All of our pets are microchipped, and they all wear collars with our phone numbers woven into them (Chloe also has an ID tag, but the cats won’t tolerate tags).

Evacuation kit

But what if circumstances force you to leave your house altogether? Our 72-hour kit is quite bulky, and isn’t packaged for a quick getaway. If you live in an area that’s prone to serious natural events like fires, tornadoes, hurricanes, or earthquakes, consider readying a couple of emergency backpacks (one for you, and the other for your pet) that you can toss in the car, or over your shoulders, if you have to leave your home in a hurry. Here’s what an emergency evacuation kit for a small dog should include:

Sturdy travel carrier with comfortable pillow base (can double as a crate, in a pinch) — confirm that your pet’s carrier has a good way of being secured by a car’s seat belt

Extra dog harness and leash*

2 bowls for food, water (to save weight, choose folding bowls)*

Poop bags (2 rolls)*

Dog food: 3 lb. bag of kibble*

Large bottle of water, or WaterBites packets*

Medications*

All of the items I’ve marked with a [*] I suggest putting in a small light backpack, like this one from REI, and storing them inside your dog’s regular travel carrier (for us, it’d be the large SturdiBag, or, perhaps, Chloe’s Creature Leisure Carry Den XT). That way, in an emergency, you can either dash out the door with your dog on her regular leash and the carrier and contents over your shoulder OR you can put your dog in the carrier, pulling the small backpack out and carrying it over your shoulder.

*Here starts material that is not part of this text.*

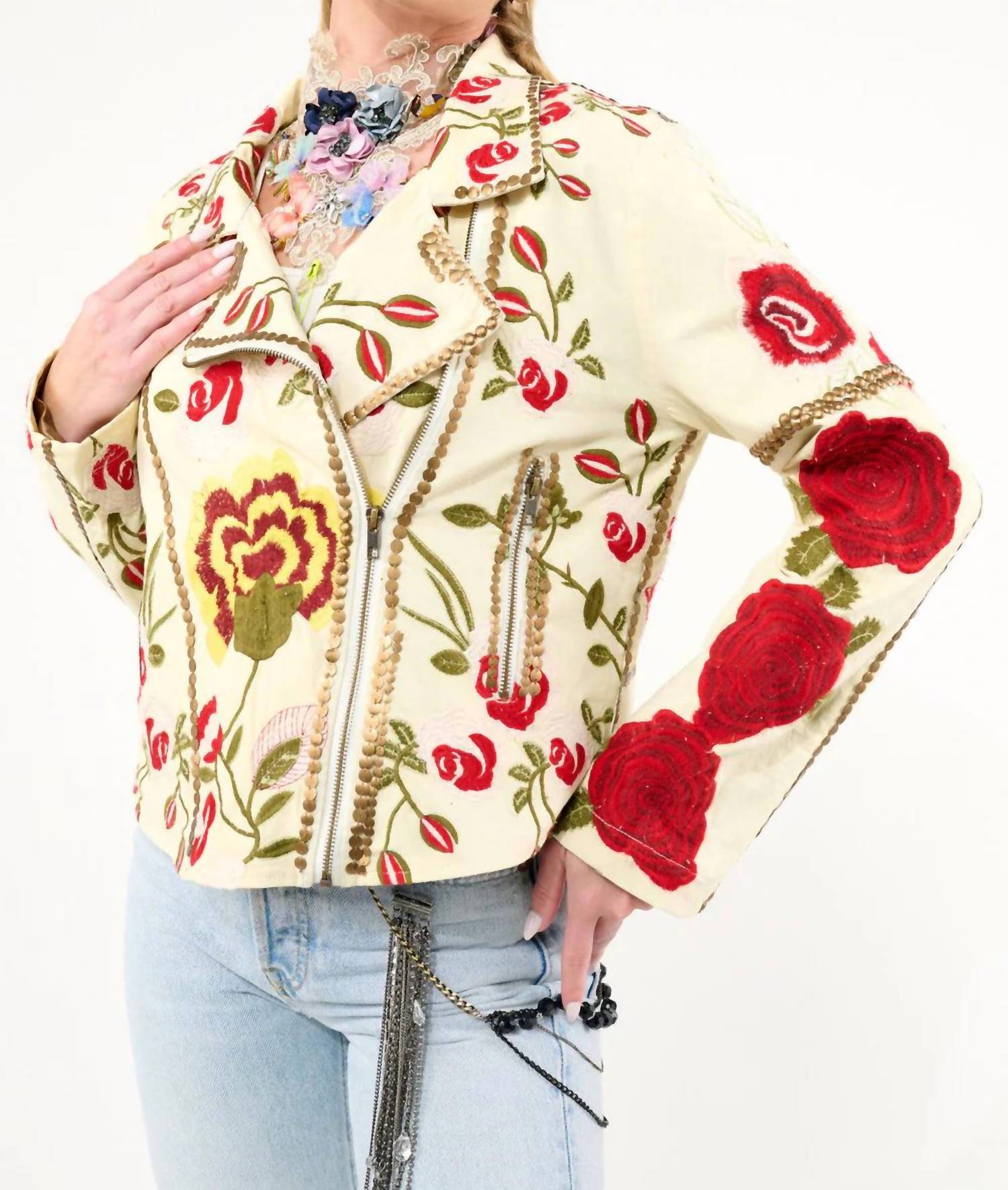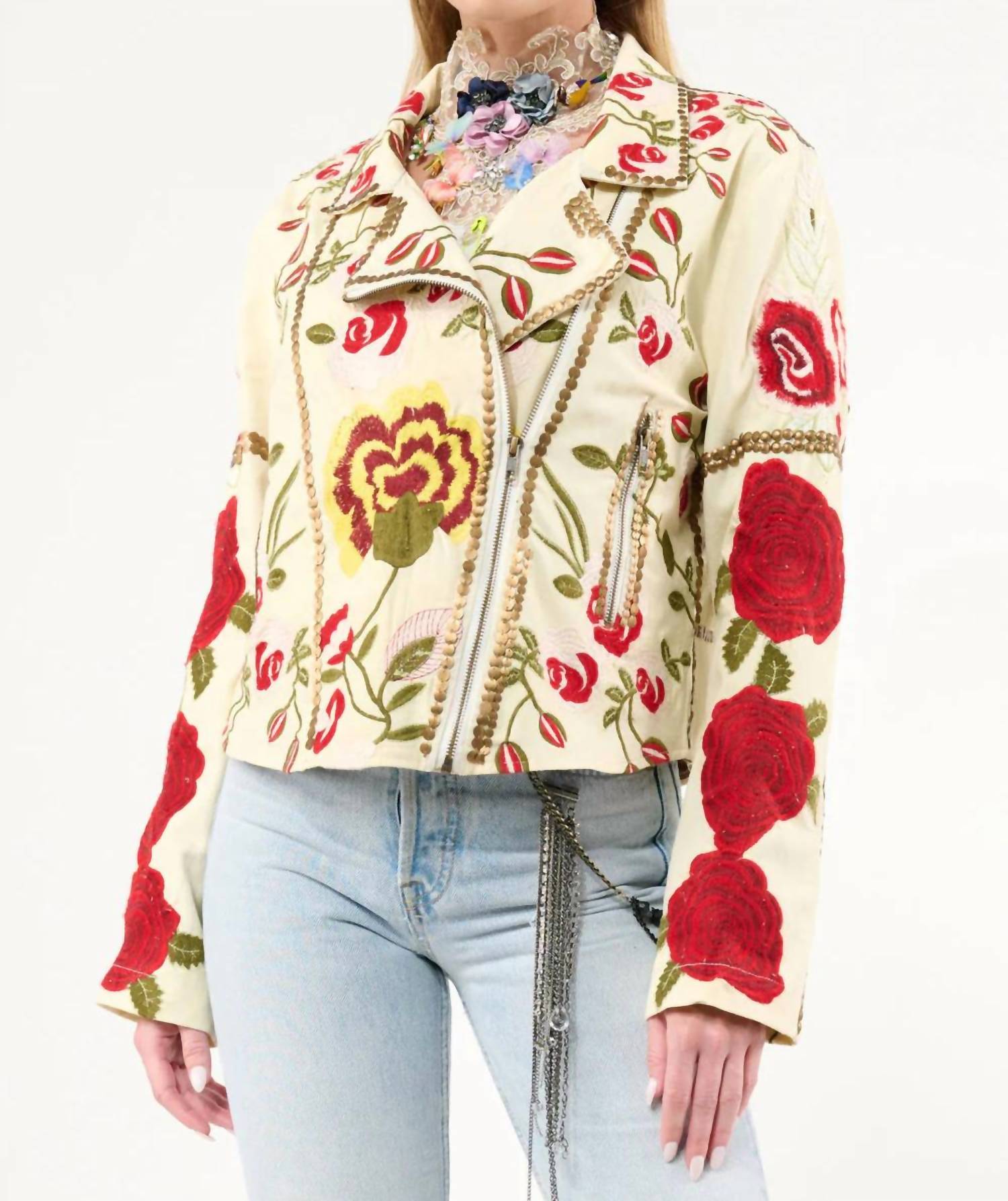 A riff on your favorite classic bomber jacket. Introducing the Carmen Rose Jacket by Aratta, a chic reinterpretation of classic denim adorned with elegant embroidered floral patterns and striking antique gold studs. This ivory motorcycle-style jacket is crafted from 100% cotton and features a sturdy zip closure, along with two functional front zip pockets for a tough yet stylish look. Designed in Los Angeles, this fully satin-lined jacket ensures both comfort and style, making it a standout piece for any casual spring wardrobe. Care: Dry clean only to maintain its vibrant details.

Well before an emergency evacuation happens, find out if the emergency shelter you’d be sent to allows pets to accompany evacuees. If you’d be likely to be able to drive yourself to safety, make a list of pet-friendly hotels in a day’s drive radius. Ask friends who live within a day’s drive if they would be willing to let you and your pup sleep on their couch in an emergency. In short, think through the logistics of an evacuation, ask questions of your local emergency management office, and make a plan that includes both you and your pet.

I am always — always — open to good ideas. If your emergency kit includes items mine doesn’t, please let me and other Dog Jaunt readers know about them!